§ **About this exercise**
Where in the material does the word "kitchen" appear? Copy each line that has it.

● ● ●

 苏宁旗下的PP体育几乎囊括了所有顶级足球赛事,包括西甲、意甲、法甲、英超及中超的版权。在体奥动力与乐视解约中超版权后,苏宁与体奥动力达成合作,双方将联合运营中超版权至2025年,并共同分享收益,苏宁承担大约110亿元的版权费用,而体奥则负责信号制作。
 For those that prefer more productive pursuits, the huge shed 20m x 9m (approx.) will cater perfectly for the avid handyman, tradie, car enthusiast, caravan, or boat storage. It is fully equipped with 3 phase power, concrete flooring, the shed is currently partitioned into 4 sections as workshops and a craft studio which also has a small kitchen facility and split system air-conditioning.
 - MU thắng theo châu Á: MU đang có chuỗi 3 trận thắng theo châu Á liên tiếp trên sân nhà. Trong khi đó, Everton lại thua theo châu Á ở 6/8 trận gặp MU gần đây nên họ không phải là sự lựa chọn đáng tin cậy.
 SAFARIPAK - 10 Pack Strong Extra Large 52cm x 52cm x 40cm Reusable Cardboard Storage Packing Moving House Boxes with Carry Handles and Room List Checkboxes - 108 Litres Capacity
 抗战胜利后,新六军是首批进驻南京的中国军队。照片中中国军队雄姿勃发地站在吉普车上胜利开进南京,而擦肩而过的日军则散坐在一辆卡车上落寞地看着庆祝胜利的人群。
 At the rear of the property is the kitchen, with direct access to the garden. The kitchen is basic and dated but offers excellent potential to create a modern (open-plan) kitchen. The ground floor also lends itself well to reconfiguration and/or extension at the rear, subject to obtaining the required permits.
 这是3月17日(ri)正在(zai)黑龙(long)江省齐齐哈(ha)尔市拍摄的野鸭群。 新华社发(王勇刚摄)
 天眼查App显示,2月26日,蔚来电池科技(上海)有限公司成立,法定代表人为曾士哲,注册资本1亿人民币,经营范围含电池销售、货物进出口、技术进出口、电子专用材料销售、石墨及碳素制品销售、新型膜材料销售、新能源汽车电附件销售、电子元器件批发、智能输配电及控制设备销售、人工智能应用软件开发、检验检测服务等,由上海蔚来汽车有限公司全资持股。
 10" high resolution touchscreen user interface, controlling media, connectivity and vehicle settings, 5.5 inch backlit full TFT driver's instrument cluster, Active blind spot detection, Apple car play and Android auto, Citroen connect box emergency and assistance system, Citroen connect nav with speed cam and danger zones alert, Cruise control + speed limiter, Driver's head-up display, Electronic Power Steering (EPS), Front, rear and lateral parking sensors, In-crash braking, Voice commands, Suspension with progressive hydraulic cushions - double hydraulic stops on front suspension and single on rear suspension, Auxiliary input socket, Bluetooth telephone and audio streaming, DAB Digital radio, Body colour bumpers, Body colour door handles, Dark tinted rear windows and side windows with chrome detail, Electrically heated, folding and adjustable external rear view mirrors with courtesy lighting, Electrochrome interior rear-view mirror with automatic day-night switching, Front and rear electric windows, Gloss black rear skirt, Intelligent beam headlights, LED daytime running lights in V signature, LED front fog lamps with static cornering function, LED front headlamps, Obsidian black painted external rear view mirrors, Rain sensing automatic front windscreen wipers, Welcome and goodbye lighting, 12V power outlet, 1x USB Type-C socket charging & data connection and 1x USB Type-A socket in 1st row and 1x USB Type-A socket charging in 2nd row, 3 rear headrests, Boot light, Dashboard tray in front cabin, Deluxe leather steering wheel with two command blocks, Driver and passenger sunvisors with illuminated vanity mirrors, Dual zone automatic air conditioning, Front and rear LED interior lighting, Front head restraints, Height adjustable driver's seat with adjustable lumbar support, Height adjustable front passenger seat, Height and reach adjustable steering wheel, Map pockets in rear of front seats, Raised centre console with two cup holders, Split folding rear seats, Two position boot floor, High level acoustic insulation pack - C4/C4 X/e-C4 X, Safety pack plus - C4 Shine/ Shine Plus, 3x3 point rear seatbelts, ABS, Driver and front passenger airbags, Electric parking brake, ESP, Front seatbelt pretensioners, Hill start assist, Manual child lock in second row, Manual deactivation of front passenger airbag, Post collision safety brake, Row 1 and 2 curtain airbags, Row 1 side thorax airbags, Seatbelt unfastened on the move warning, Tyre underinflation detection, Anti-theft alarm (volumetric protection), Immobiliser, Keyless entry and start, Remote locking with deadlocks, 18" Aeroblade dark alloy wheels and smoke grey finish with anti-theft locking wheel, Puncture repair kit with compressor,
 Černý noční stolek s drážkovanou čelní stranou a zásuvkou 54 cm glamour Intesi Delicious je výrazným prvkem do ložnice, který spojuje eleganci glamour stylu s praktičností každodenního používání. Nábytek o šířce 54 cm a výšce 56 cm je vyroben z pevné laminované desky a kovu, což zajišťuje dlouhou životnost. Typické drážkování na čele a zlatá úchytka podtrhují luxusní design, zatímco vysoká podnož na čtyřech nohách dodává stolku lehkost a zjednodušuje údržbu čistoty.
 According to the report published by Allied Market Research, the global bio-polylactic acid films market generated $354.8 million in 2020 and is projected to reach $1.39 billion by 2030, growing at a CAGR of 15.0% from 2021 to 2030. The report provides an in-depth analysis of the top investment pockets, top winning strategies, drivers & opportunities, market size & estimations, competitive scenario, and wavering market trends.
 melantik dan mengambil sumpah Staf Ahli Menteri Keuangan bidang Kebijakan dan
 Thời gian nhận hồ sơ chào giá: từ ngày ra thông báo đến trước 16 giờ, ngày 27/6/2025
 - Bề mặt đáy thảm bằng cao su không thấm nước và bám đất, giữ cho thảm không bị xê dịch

● ● ●

§ **Answer box**
 For those that prefer more productive pursuits, the huge shed 20m x 9m (approx.) will cater perfectly for the avid handyman, tradie, car enthusiast, caravan, or boat storage. It is fully equipped with 3 phase power, concrete flooring, the shed is currently partitioned into 4 sections as workshops and a craft studio which also has a small kitchen facility and split system air-conditioning.
 At the rear of the property is the kitchen, with direct access to the garden. The kitchen is basic and dated but offers excellent potential to create a modern (open-plan) kitchen. The ground floor also lends itself well to reconfiguration and/or extension at the rear, subject to obtaining the required permits.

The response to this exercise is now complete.